> The data
+ + + + + + +

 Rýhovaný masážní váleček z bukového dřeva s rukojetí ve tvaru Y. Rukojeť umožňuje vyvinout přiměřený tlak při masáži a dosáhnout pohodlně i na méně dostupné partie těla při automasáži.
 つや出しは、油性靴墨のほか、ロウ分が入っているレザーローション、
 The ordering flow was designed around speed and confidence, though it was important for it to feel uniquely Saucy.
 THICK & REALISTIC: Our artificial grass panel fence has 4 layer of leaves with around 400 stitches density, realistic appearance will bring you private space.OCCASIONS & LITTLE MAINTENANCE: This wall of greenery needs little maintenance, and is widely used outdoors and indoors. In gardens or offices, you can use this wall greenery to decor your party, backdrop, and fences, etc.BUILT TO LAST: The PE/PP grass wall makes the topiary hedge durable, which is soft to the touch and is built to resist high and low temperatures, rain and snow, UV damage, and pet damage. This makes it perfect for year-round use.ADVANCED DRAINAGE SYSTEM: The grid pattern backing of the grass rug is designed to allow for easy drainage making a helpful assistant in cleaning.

+ + + + + + +

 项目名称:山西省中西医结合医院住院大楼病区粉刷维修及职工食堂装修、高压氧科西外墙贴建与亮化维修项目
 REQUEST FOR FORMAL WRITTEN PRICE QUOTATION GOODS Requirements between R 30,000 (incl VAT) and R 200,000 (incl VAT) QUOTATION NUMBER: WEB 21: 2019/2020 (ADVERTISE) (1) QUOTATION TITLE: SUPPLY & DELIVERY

+ + + + + + +

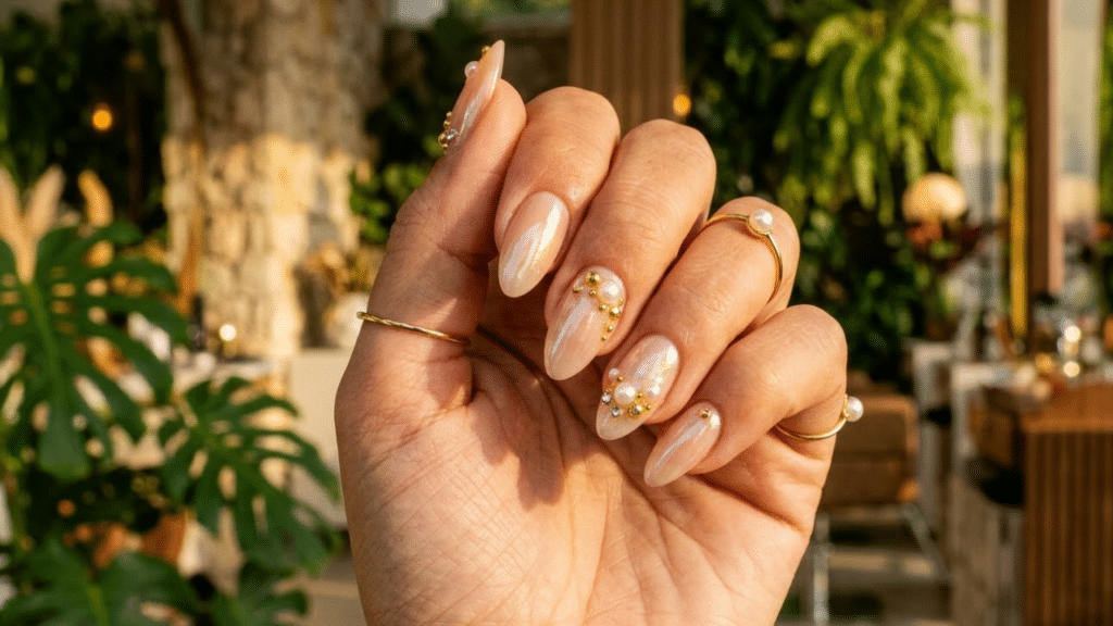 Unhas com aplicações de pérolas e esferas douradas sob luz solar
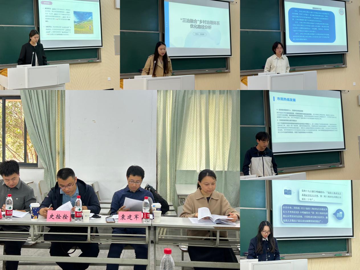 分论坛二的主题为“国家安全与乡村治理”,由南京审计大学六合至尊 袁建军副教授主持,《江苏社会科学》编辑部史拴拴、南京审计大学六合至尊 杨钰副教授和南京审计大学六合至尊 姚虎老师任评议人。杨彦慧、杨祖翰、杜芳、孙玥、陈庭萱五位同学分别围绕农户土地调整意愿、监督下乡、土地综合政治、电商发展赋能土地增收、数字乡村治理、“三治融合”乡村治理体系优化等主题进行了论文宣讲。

+ + + + + + +

From the entries above, give again exactly the lines running from the line with "项目名称:山西省中西医结合医" to the line with "REQUEST FOR FORMAL"; include both of those lines.

 项目名称:山西省中西医结合医院住院大楼病区粉刷维修及职工食堂装修、高压氧科西外墙贴建与亮化维修项目
 REQUEST FOR FORMAL WRITTEN PRICE QUOTATION GOODS Requirements between R 30,000 (incl VAT) and R 200,000 (incl VAT) QUOTATION NUMBER: WEB 21: 2019/2020 (ADVERTISE) (1) QUOTATION TITLE: SUPPLY & DELIVERY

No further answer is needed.